Beneath this line sits some data. Return only its lines from the one holding "后勤管理处讯 日前,在广西壮" through the one holding "Memasuki hari kedua", inclusive, exactly, with the images removed.

STORED DATA →
========================================================================

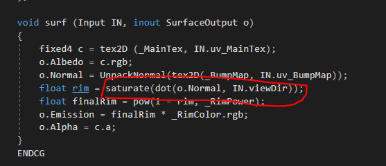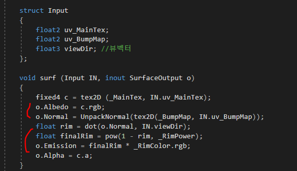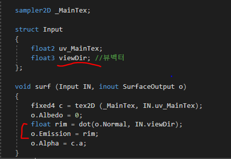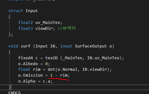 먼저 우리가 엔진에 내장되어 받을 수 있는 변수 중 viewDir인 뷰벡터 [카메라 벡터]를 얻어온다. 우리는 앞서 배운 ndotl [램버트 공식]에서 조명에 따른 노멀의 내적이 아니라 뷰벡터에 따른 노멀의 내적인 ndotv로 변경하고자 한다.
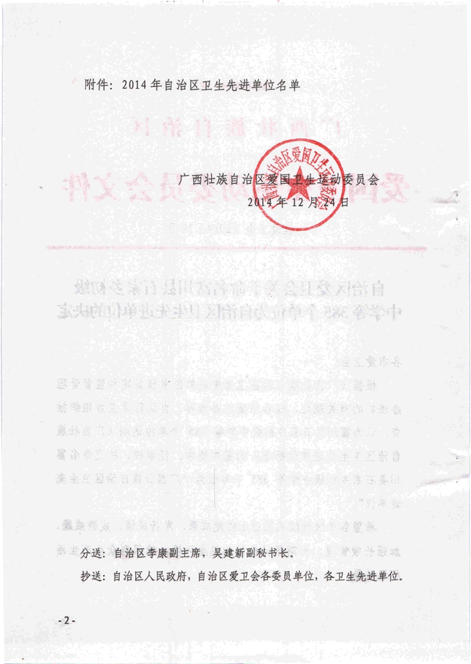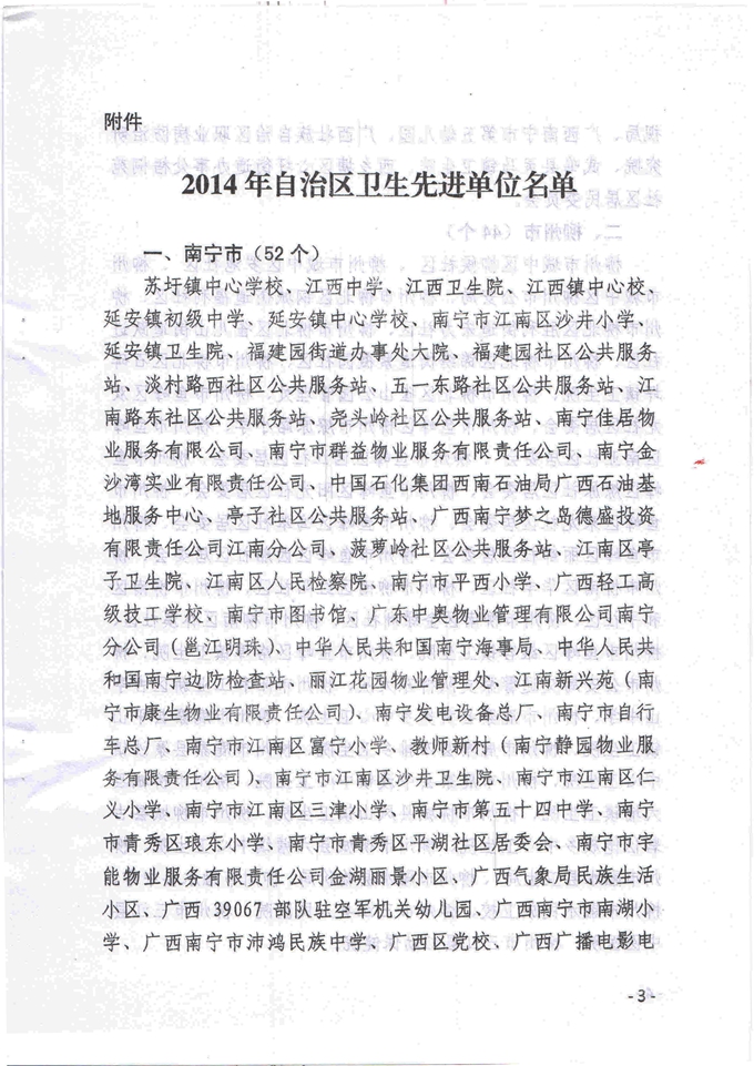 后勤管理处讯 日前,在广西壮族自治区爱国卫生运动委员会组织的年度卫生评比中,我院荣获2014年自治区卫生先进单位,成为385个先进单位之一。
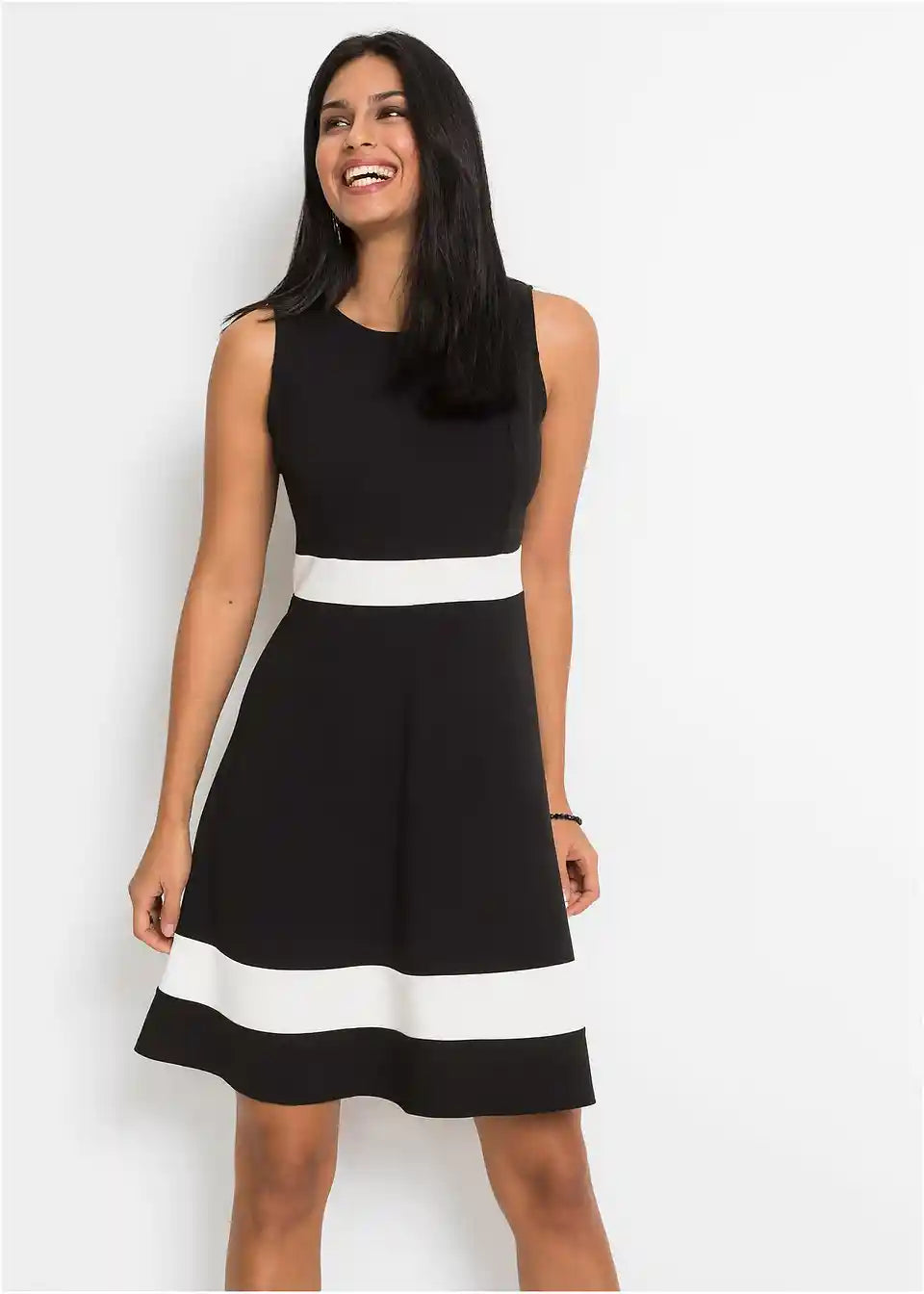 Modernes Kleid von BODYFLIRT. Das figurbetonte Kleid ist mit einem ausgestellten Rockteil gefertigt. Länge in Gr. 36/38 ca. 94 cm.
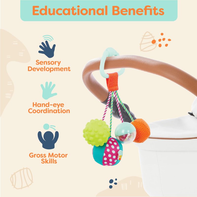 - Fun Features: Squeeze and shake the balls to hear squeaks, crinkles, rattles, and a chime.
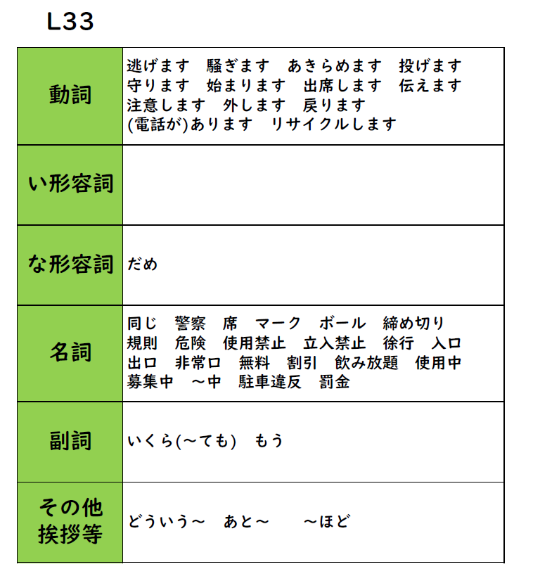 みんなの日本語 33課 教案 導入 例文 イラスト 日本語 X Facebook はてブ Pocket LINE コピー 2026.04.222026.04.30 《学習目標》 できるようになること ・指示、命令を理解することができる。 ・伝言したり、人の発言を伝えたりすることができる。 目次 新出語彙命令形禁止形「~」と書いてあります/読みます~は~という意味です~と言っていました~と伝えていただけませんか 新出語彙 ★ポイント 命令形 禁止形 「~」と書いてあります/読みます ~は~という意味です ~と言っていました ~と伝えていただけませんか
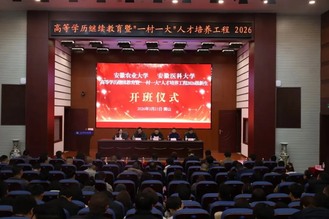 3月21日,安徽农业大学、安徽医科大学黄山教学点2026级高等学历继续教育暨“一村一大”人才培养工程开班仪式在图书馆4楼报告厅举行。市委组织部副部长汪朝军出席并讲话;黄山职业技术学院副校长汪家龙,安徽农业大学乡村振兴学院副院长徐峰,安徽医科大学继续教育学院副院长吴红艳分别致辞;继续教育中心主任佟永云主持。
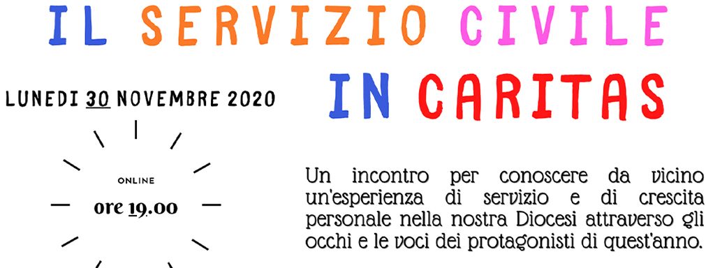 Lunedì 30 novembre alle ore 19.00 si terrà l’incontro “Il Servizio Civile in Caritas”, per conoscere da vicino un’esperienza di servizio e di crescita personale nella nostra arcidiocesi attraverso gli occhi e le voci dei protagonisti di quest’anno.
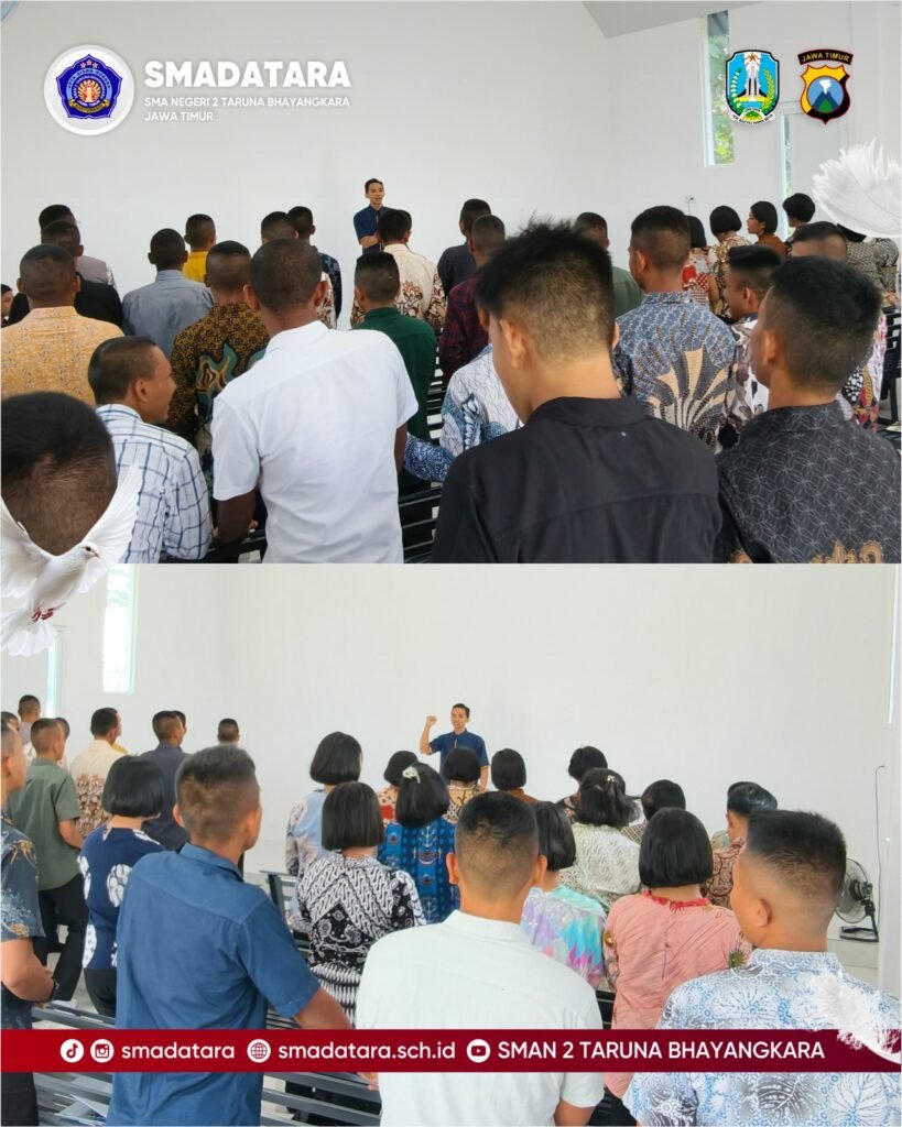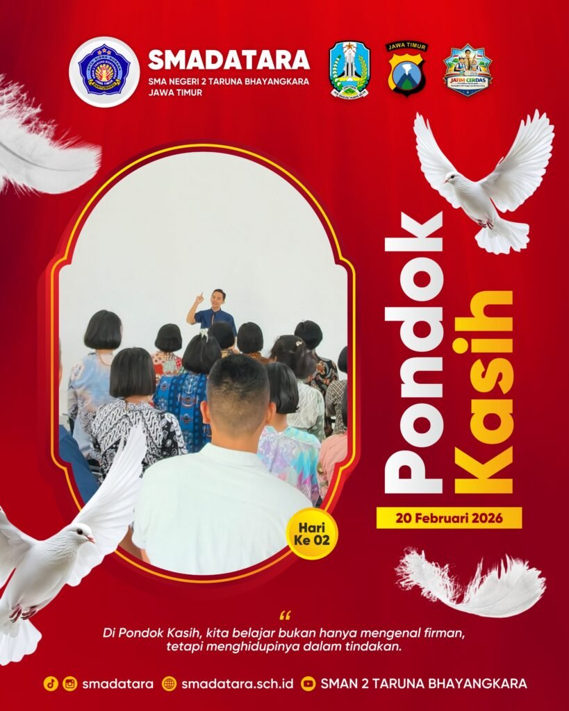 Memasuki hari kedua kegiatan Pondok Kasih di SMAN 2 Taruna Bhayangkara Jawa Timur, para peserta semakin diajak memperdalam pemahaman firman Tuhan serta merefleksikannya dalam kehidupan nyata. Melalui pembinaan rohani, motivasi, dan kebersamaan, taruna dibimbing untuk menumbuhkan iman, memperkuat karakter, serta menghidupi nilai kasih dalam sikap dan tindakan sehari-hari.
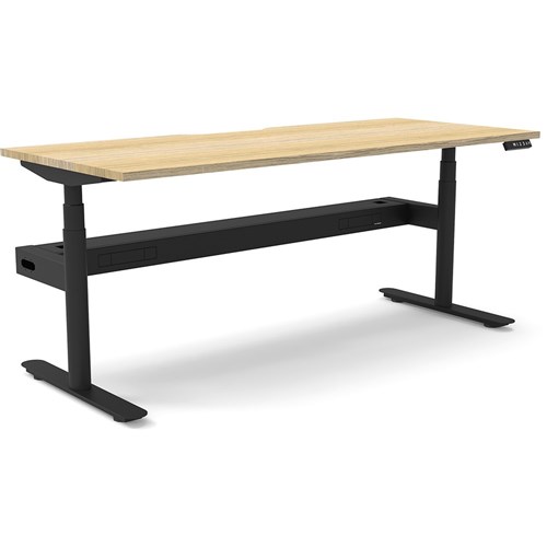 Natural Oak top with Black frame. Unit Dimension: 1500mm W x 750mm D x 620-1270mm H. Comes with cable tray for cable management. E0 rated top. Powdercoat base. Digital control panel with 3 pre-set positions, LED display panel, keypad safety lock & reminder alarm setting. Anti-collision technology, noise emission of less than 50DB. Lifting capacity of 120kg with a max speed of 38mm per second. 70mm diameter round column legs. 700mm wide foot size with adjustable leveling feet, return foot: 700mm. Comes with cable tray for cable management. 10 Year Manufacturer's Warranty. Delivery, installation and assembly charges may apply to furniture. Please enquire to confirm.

========================================================================

FINISHED EXERCISE →
 后勤管理处讯 日前,在广西壮族自治区爱国卫生运动委员会组织的年度卫生评比中,我院荣获2014年自治区卫生先进单位,成为385个先进单位之一。
 Modernes Kleid von BODYFLIRT. Das figurbetonte Kleid ist mit einem ausgestellten Rockteil gefertigt. Länge in Gr. 36/38 ca. 94 cm.
 - Fun Features: Squeeze and shake the balls to hear squeaks, crinkles, rattles, and a chime.
 みんなの日本語 33課 教案 導入 例文 イラスト 日本語 X Facebook はてブ Pocket LINE コピー 2026.04.222026.04.30 《学習目標》 できるようになること ・指示、命令を理解することができる。 ・伝言したり、人の発言を伝えたりすることができる。 目次 新出語彙命令形禁止形「~」と書いてあります/読みます~は~という意味です~と言っていました~と伝えていただけませんか 新出語彙 ★ポイント 命令形 禁止形 「~」と書いてあります/読みます ~は~という意味です ~と言っていました ~と伝えていただけませんか
 3月21日,安徽农业大学、安徽医科大学黄山教学点2026级高等学历继续教育暨“一村一大”人才培养工程开班仪式在图书馆4楼报告厅举行。市委组织部副部长汪朝军出席并讲话;黄山职业技术学院副校长汪家龙,安徽农业大学乡村振兴学院副院长徐峰,安徽医科大学继续教育学院副院长吴红艳分别致辞;继续教育中心主任佟永云主持。
 Lunedì 30 novembre alle ore 19.00 si terrà l’incontro “Il Servizio Civile in Caritas”, per conoscere da vicino un’esperienza di servizio e di crescita personale nella nostra arcidiocesi attraverso gli occhi e le voci dei protagonisti di quest’anno.
 Memasuki hari kedua kegiatan Pondok Kasih di SMAN 2 Taruna Bhayangkara Jawa Timur, para peserta semakin diajak memperdalam pemahaman firman Tuhan serta merefleksikannya dalam kehidupan nyata. Melalui pembinaan rohani, motivasi, dan kebersamaan, taruna dibimbing untuk menumbuhkan iman, memperkuat karakter, serta menghidupi nilai kasih dalam sikap dan tindakan sehari-hari.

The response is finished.